Я ненавижу свою жизнь, потому что она полна крови.

Каждый раз, когда я попадаю под дождь, я схожу с ума. Я схожу с ума от боли. Я схожу с ума от барабанного боя их тел, бьющихся об асфальт. Я схожу с ума от вида их внутренностей, текущих в канализационные люки. Я смотрю на людей, прячущихся под зонтами от чужой боли. Я смотрю на детей, прыгающих по лужам из чужого горя. Я ненавижу их. За то, что они не знают правды.

Когда раздается гром, я задергиваю окна, чтобы не видеть их лиц, просящих о спасении. Лиц, медленно стекающих на подоконник. Я никогда не поднимаюсь на чердак, когда черные тучи начинают свои игры. Если у кого-то стук дождя вызывает вдохновение, то у меня он вызывает ужас. Вдохновение от чужой смерти. Смерти, стучащей по крыше. Вы творите под чужую смерть. Вы делаете людей под их смерть. Они кричат от боли, а вы кричите от наслаждения. Вы ничего не знаете о них. И им нет дела до вас. Они, умирая, дают вам жизнь.

Я стараюсь купаться как можно реже. Я стараюсь умываться как можно реже. Я с величайшим отвращением чищу зубы. Большую часть зарплаты я трачу на дистиллированную воду. Фильтрат их тел.

Я живу один. Все девушки сбегали от меня. Когда на первом свидании они затаскивали меня в бар и просили заказать им выпивку, я отказывался. Они говорили, что я скупердяй и чтобы я подавился своими деньгами. Разве можно было им объяснить, что коктейль - это настойка их тел на спирту. Разве мог я объяснить им это?

Я ненавижу эту жизнь, потому что в ней слишком много крови.


2

Родители отдали меня в детдом в пять лет. За полгода до этого я первый раз отказался от поставленной на стол кружки воды. До этого я не знал всей правды. Я думал, что вода - это смесь красной жидкости с определенной степенью густоты. Вы бы назвали это соком с мякотью. Я называю это их телами. Я взял в руки кружку и поднес ее ко рту. Именно тогда я первый раз увидел живую каплю. Она была уже почти мертвая, но жизнь еще теплилась в ней. Она стонала. Я поставил кружку на стол и ушел в свою комнату. Я ревел всю ночь. На вопросы родителей я кричал, что они убийцы. Вскоре меня отвезли в больницу. Обезвоживание организма. Каждый процесс утоления моей жажды превращался для родителей в муку. Так я оказался в детдоме.

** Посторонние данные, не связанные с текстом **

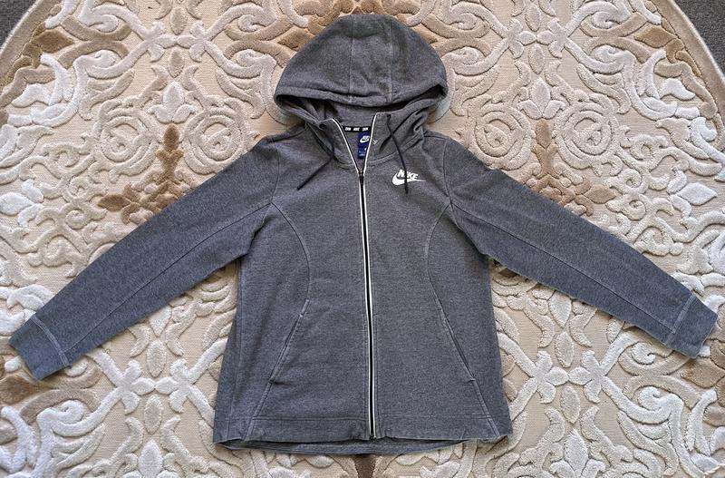 Кофта/зип худи на молнии с капюшоном от известного спортивного бренда Nike,серого цвета с логотипом бренда на груди и спине. Состояние отличное,без нюансов

Там меня привязывали к кровати и вливали мне в глотку их тела. Там меня затаскивали в ванну и заставляли мыться их останками. Там я проводил большую часть времени в туалете, обнимаясь с унитазом, отдавая ему их, частично переваренных. Там я был один. Один единственный. Наедине со своей страшной тайной.

Однажды всех нас отправили в океанский круиз. Собрали в обшарпанном холле и долго объясняли, что великий и очень знаменитый человек пожертвовал деньги, чтобы мы, отбросы общества, чей пропуск в жизнь подделка, могли отдохнуть. Я стоял, внимал словам и не знал, какой ужас ждет меня впереди.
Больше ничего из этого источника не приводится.